Due to the fragmented terrain of the study area, the resolution of remote sensing data is crucial for the accuracy of crop classification. Therefore, this study compares three Chinese remote sensing satellites with the widely used Landsat 8 and Sentinel-2 satellites, as shown in
Table 2, further highlighting the advantages of Chinese high-resolution satellite data for crop classification in mountainous and fragmented terrains.
2.2.2. Preprocessing
For the selected remote sensing images, preprocessing was conducted using ENVI 5.3 software to ensure data accuracy and lay a solid foundation for subsequent analysis [
22,
23,
24]. First, radiometric calibration, atmospheric correction, and orthorectification were applied to the multispectral data for each acquisition phase, while radiometric calibration and orthorectification were also performed on the corresponding panchromatic data. Radiometric calibration converts the digital values of the image into physical quantities such as radiance, reflectance, or surface temperature, providing a reliable data foundation for subsequent analysis. This step was completed using the Radiometric Calibration tool. After radiometric calibration, atmospheric correction was performed to eliminate the effects of atmospheric transmission on the image, making it more realistic and reliable. Atmospheric correction was performed using the FLAASH Atmospheric Correction tool, with parameters including sensor altitude, ground elevation, atmospheric model, aerosol model, aerosol retrieval, initial visibility, and spectral files, with adjustments made based on the characteristics of the image data. Orthorectification was used to eliminate geometric distortions from the image and precisely align it with the geographic coordinate system, ensuring spatial accuracy. This process was implemented using the RPC Orthorectification Workflow tool, with bilinear resampling chosen and appropriate output pixel size set according to the resolution of the image data. Finally, the NNDiffuse Pan Sharpening tool was used to perform image fusion between the multispectral and panchromatic data.

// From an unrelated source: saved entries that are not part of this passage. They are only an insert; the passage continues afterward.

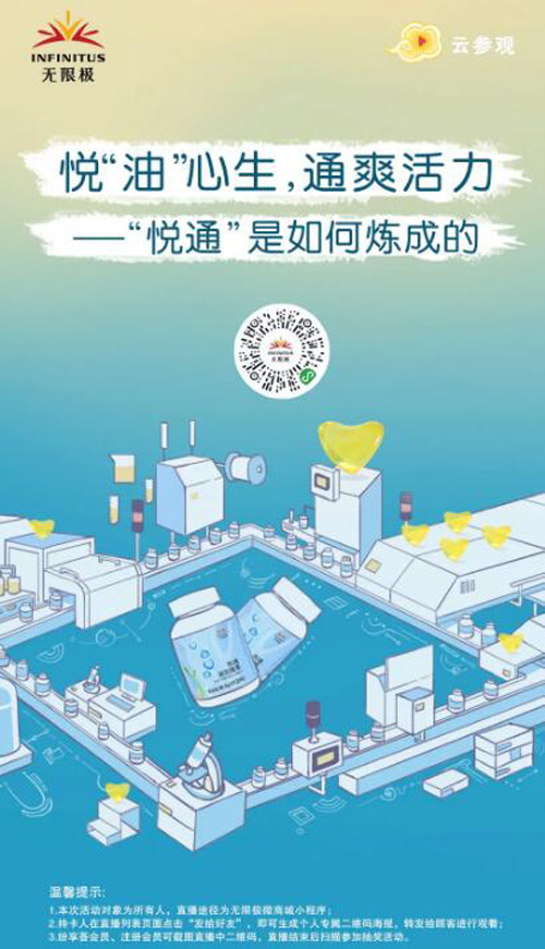 除了这场《悦“油”心生,通爽活力——“悦通”是如何炼成的》云参观活动以外,无限极还举办了“多糖揭秘之旅”“对话免疫力之解码生产线”等多种主题的在线参观活动,同时各地服务中心和专卖店同步举办以品质为场景的主题活动,线上线下融合发展,希望能让广大消费者和社会公众更直观、更深入了解无限极的生产全过程,见证公司实力和产品品质。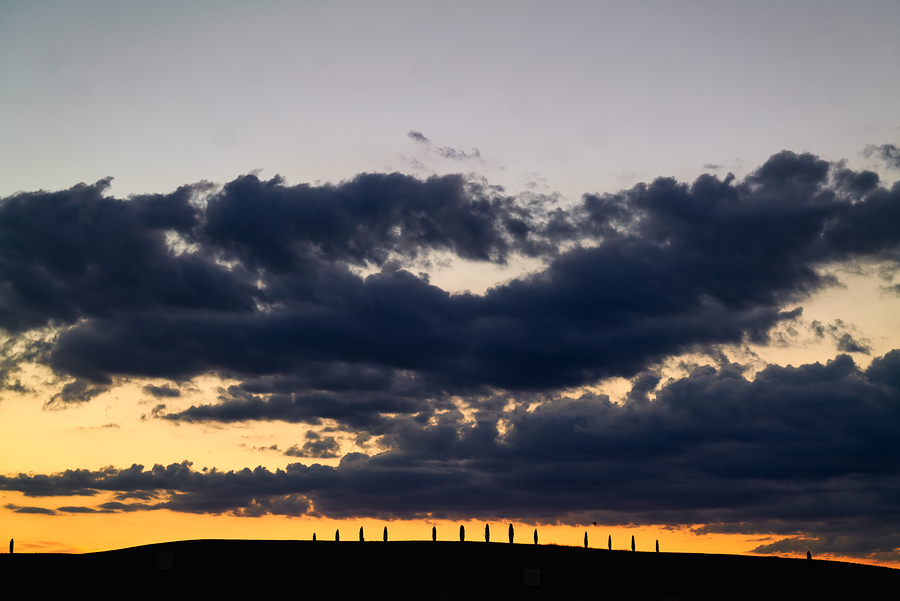 Sunset lights up the sky over Val dOrcia in Tuscany. Cypresses stand silhouetted against colorful clouds and the horizon.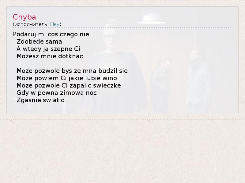 Это интересно:"Hey" - польская рок-группа, основанная в городе Шецине в 1992 году гитаристом Петром Банахом и харизматичной воклисткой Касей Носовской. Группа с начала 90ых годов является одной из самых популярных в Польше.Несмотря на то, что "Hey" описывают свой стиль как первая польская группа, играющая в стиле гранж, их мелодичный, гитарный рок и эклектичное выступление попадает под влияние... продолжение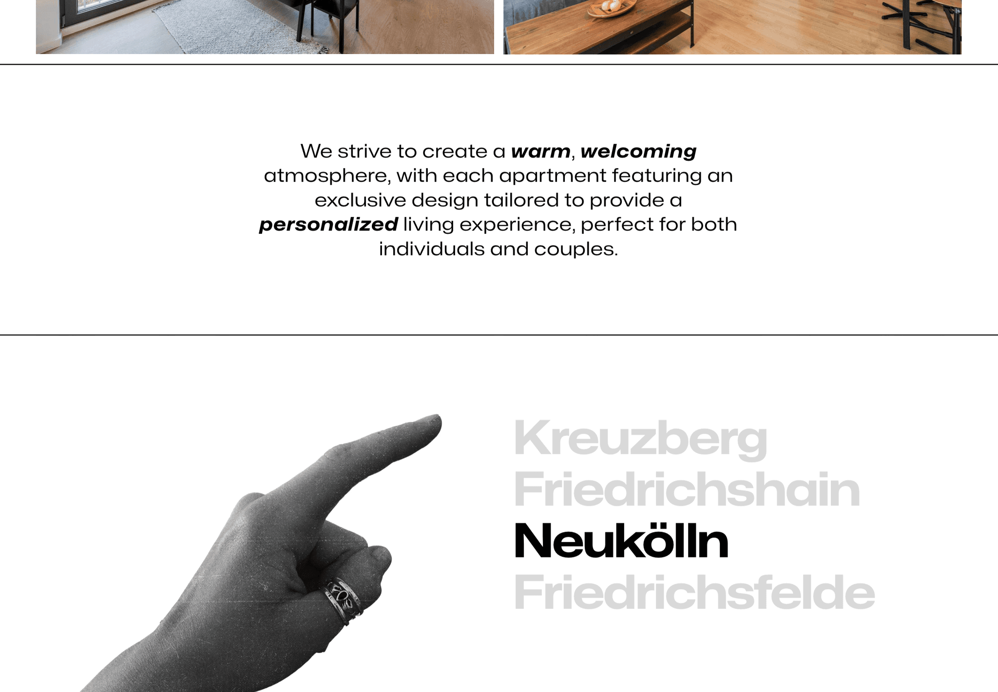 Being a family-owned business, I crafted a visual identity that truly reflects our unique character. Rooted in Berlin, with all rental properties located in some of the most sought-after neighborhoods like Kreuzberg, Neukölln, and Friedrichshain, it was essential to infuse the brand with the city’s iconic alternative vibe. The handwritten apartment names paired with wide typography create a striking balance between structure and chaos, capturing the essence of Berlin’s dynamic spirit.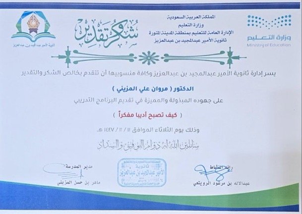 كيف تصبح أديبا مثقفا مفكرا: د. مروان المزيني في المدارس الثانوية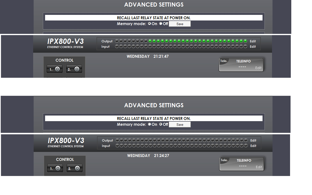 effectivement si tu coche la memorisation des etat en coupure tu as les sorties 9 à 32 en visu et si tu enleve la mémorisation les led 9 à 32 ne sont plus en visu
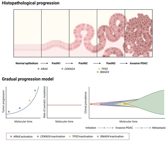 The gradual progression model posits that histopathological lesions are driven by the stepwise accumulation of specific known mutations [21]. As mentioned before, the main driver genes of PanINs and PDAC include KRAS, TP53, CDKN2A, and SMAD4 [14,21,40]. KRAS mutations are present in low-grade PanIN, indicating that it is the earliest alteration that drives ADM [41,42]. More importantly, they are also detected in healthy pancreatic tissue, thus confirming its role as the initiating oncogenic event [35]. Mutations in the tumor suppressor CDKN2A, are also often found early in the tumorigenesis process [43]. Further accumulation of inactivating mutations in the tumor suppressor genes TP53 and SMAD4, leads to progression to PDAC (Figure 1) [44,45,46]. The accumulation of genetic and morphological alterations is proposed to occur during one to two decades until invasive carcinoma is developed [44]. However, although it appears to be a gradual process, not all mutations are present in all patients. The inactivation of different tumor suppressors, their type of alteration, and the combination of both, results in wide tumoral heterogeneity. These evolutionary trajectories give rise to a large number of inter- and intra-tumoral differences that define tumor behavior [44,47,48].

After preprocessing, the resolution of the GF-1 images was 2 m, the ZY1-02D images had a resolution of 2.5 m, and the ZY-3 images had a resolution of 2.1 m. To facilitate subsequent data operations and change analysis, the resolutions of the ZY1-02D and ZY-3 image data were resampled to a uniform 2 m. By mosaicking and cropping, a dataset of remote sensing images for Shangzhou District covering seven months was created, followed by geometric correction to eliminate or correct any geometric errors in the images.

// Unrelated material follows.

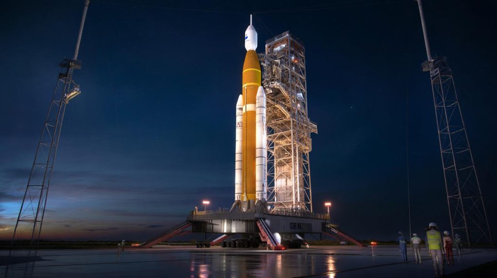 Die Artemis-II-Rakete hat ihr Ziel erreicht. In Florida ist ein Gigant auf die Startrampe 39B des Kennedy Space Centers gerollt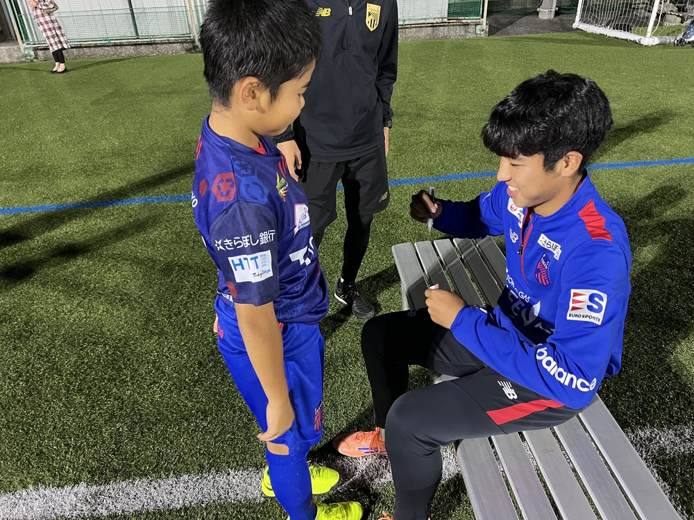 その後は一人一人にサインを書き、「サッカーを思いっきり楽しんで全力でプレーして下さい」と、

The study area is extensive and encompasses various land-use types. Each high-resolution remote sensing image contains rich geographic information, but its large data volume can make processing cumbersome. After mosaicking and cropping the multi-source remote sensing images to create the NDVI time series, the data volume increased further, complicating rapid processing in a single batch. Due to the limited hardware resources of the computer, such as the CPU and memory, directly processing large-scale datasets may lead to excessive CPU load, high memory usage, and even system crashes, resulting in slower processing speeds. To improve data processing efficiency, a chunking method was employed [
25,
26]. In ENVI 5.3 software, the Simple Frame Subset tool was used to divide the entire study area image into smaller blocks, with both the row and column numbers set to 6. Edge blank blocks were removed, resulting in 28 smaller, more manageable sub-blocks. The specific chunking criteria were based on the image size and the computer’s memory capacity, ensuring that the size of each sub-block was suitable for memory processing and preventing memory overflow due to excessive data loading. The entire process was carried out on a computer with 16 GB of RAM and a 6-core, 12-thread processor, and the chunking operation took approximately 7 min. This approach effectively reduces memory requirements and enhances data processing efficiency, facilitating the successful handling and classification of large-scale remote sensing images.
2.2.3. Sample Data
Field surveys were conducted in Shangzhou District, Shangluo City, from 13 June to 15 June 2023 and from 30 June to 1 July 2024. During these surveys, handheld GPS (Garmin eTrex309X, Manufacturer: Garmin Ltd., Olathe, KS, USA) devices were used to collect location information for maize planting areas within the study region. A total of 74 maize planting points were recorded.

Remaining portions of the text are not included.